The ASM Journal of Microbiology & Biology Education recently released a special themed issue focusing on Scientific Citizenship (table of contents) that was guest edited by Jack Gilbert, Karen Klyczek and Samantha Elliott. In this issue, the editors seek to address the question: How can we engage people in science? And they hope to provide a snapshot of current ideas and best practices. There are 40 articles included in this special issue. Here I provide some highlights from the first six articles in the section on Scientific Citizenship: Perspectives on Citizen Science.
For many, citizen science offers the most promise for engaging people regardless of age or background in science. What is citizen science? Citizen science can be defined as public participation in scientific research projects, usually by volunteers who collaborate with scientists and researchers to increase scientific knowledge. It is also referred to as participatory research.
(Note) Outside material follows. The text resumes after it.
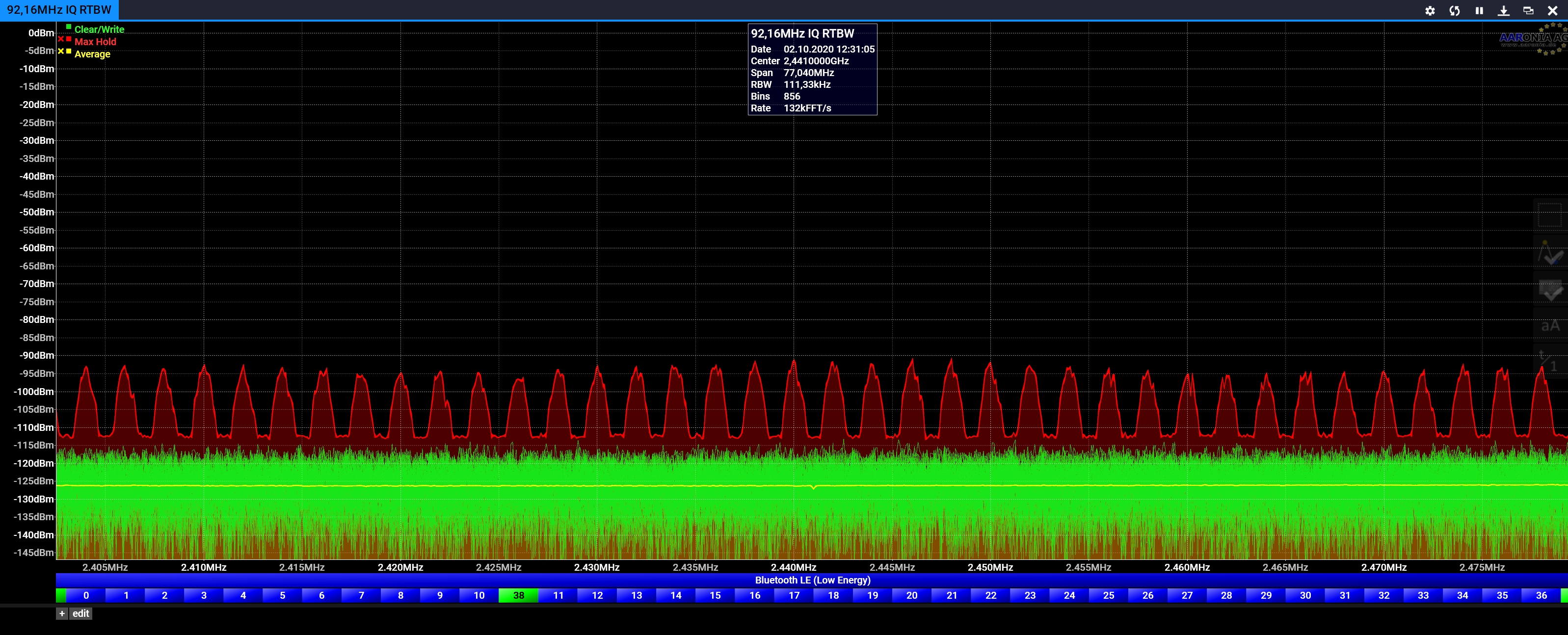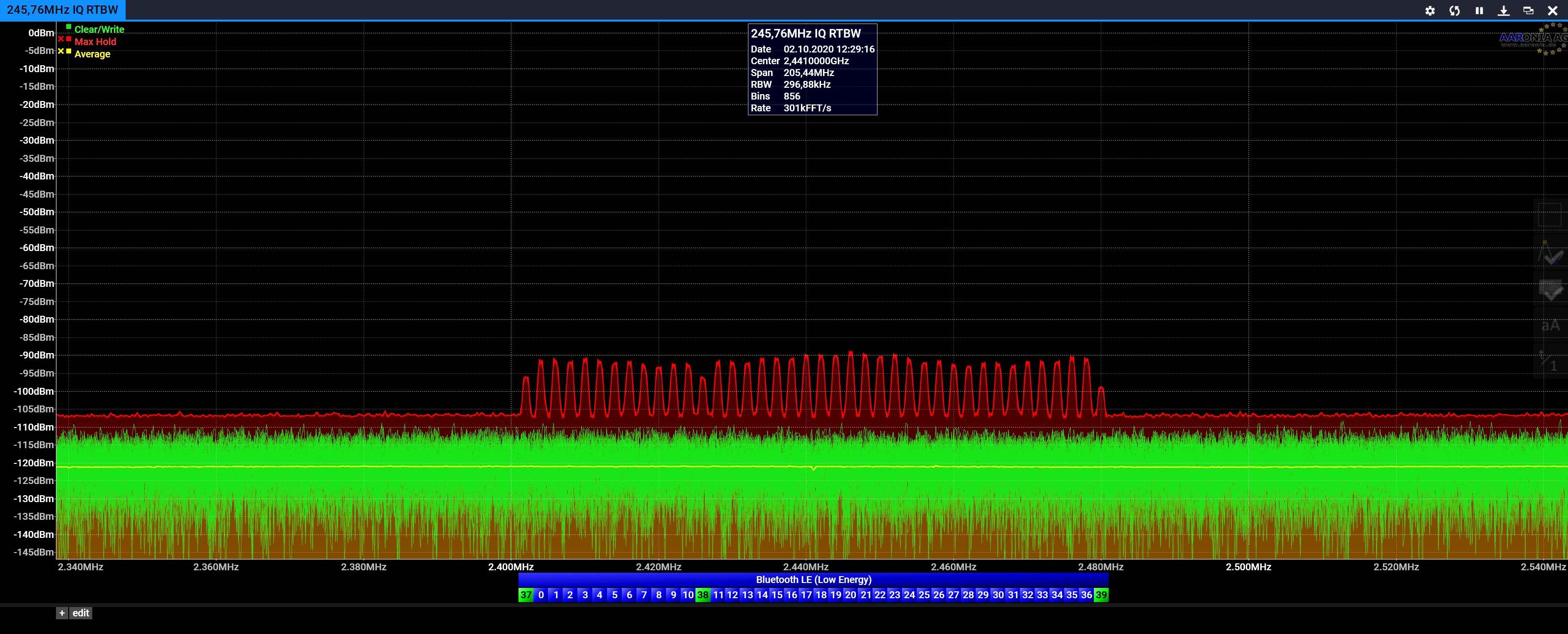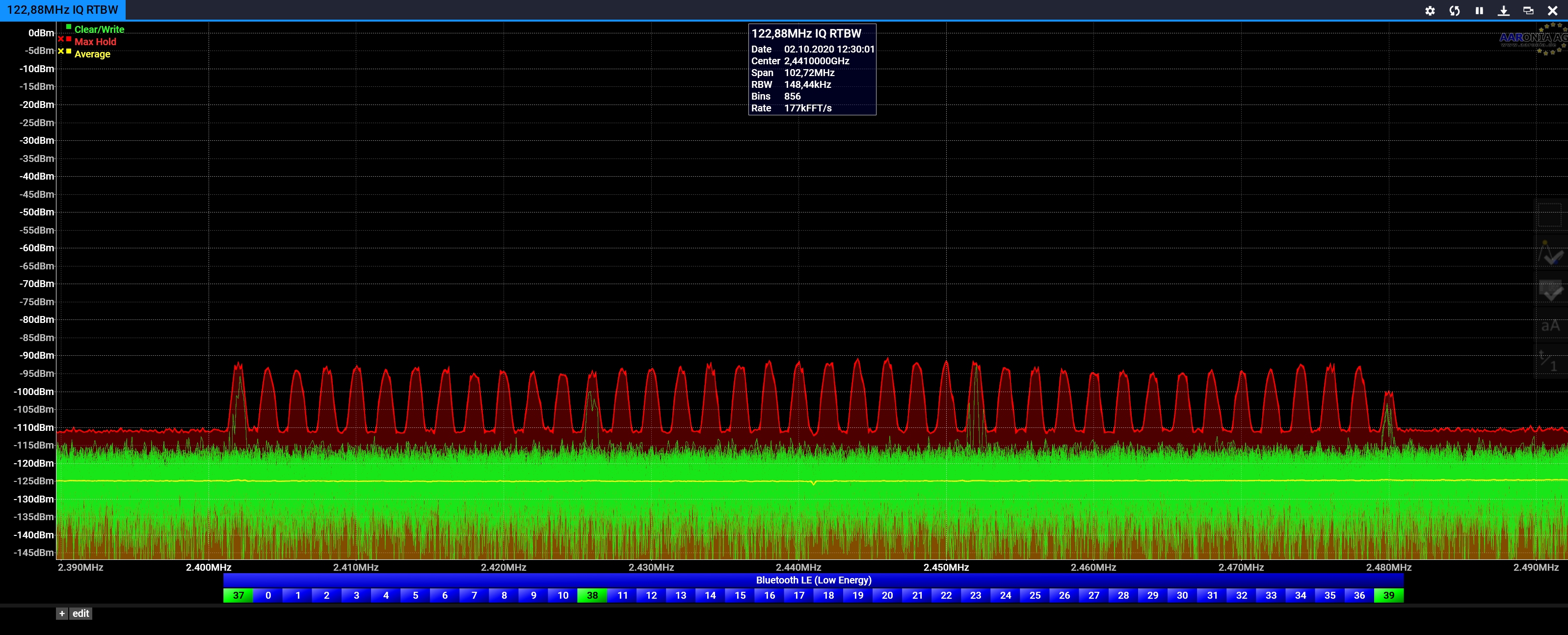https://v6-forum.aaronia.de/forum/topic/spectran-v6-rtbws/随附的示例屏幕截图显示了具有不同RTBW的2,4GHz Wifi频段(只需打开SMA连接器,因此无需校准信号)。

The issue begins an excellent article by Dunn et al. entitled The Tragedy of the Unexamined Cat: Why K—12 and University Education Are Still in the Dark Ages and How Citizen Science Allows for a Renaissance. In it they describe how science education remains in the dark ages by emphasizing the memorization of facts rather than engaging students in scientific discovery.
“The world is dissected to see what others discovered years before. In many cases this dissection is literal (and hence remarkably similar in appearance to the end of the dark ages). A cat, for example, or a fetal pig, is set out on a table and the students gather around to dissect the animal and, in doing so, see what the book says should be there, inside. If something in the cat deviates from what is in the book because of, say, a congenital deformity, the student with the deviant cat is asked to look at a neighbor’s cat.”
This sounds familiar to me (and I suspect to many of you). This approach is misguided because much of what we think we know now will turn out to be wrong. Dunn et al. further discuss how the integration of citizen science into curricula will revolutionize how science is taught and allow students to make new discoveries and contribute to the advancement of knowledge.
In The Power of Engaging Citizen Scientists for Scientific Progress, Garbarino and Mason illustrate how a number of recent projects from a variety of disciplines successfully engaged citizen scientists in research.
In Citizen Science Initiatives: Engaging the Public and Demystifying Science,
Van Vliet and Moore discuss how technology (especially the internet and smart phones) has opened up new avenues for public engagement in scientific collaborations. They define what citizen science is and describe a number of different citizen science projects, including our very own Project MERCURRI.
In Current Approaches in Implementing Citizen Science in the Classroom, Shah and Martinez discuss how citizen science can offer students practical experiences in scientific inquiry, critical thinking, and problem solving and provide examples of projects that are appropriate for grades K-12.
In Microbes Should Be Central to Ecological Education and Outreach, Barberan et al. discuss how microorganisms are neglected in environmental education and they argue persuasively for the inclusion of microbial ecology across education levels. In figure 1, they show that scientific interest in microbial ecology has grown steadily in the past sixty years. Yet most school children are taught that microbes are germs that are associated with disease and improper hygiene. Even undergraduate biology students tend to learn only about the role of microorganisms in photosynthesis and cellular respiration, rather than the fundamental roles played by microbes in ecosystems and global processes. Like the other papers in this section of the citizen science issue, they also review citizen science projects (see table below) focusing on those involving the study of microorganisms and suggest that these can be an effective way to engage students from a wide range of backgrounds and experiences as well as the general public.
Finally in The Engaged Microbiologist: Bringing the Microbiological Sciences to the K—12 Community, Westenberg discusses how scientific societies such as ASM provide resources that help teachers engage K-12 students in microbiology studies and the critical role that citizen science projects can play. It is particularly useful to know that the ASM Committee on K—12 Outreach provides opportunities and materials for ASM members to interact with the K—12 community. Projects including “Bacteria that help and hurt cows” or “ What makes flatulence” are available on the ASM Education website.
I have some bias towards this special issue because I am a co-author on an article describing what we learned while running campaigns for three different science projects on the crowdfunding platforms: Indiegogo, Experiment and Kickstarter. Our article is entitled
Crowdfunding Campaigns Help Researchers Launch Projects and Generate Outreach. Given the challenges faced by many researchers in garnering funding for new and innovative projects from traditional funding sources, many are turning to crowdfunding as a way to raise seed money for scientific research. And in the case of kittybiome, it also provided the opportunity for outreach in the launching of a citizen science project on the microbiome of cats.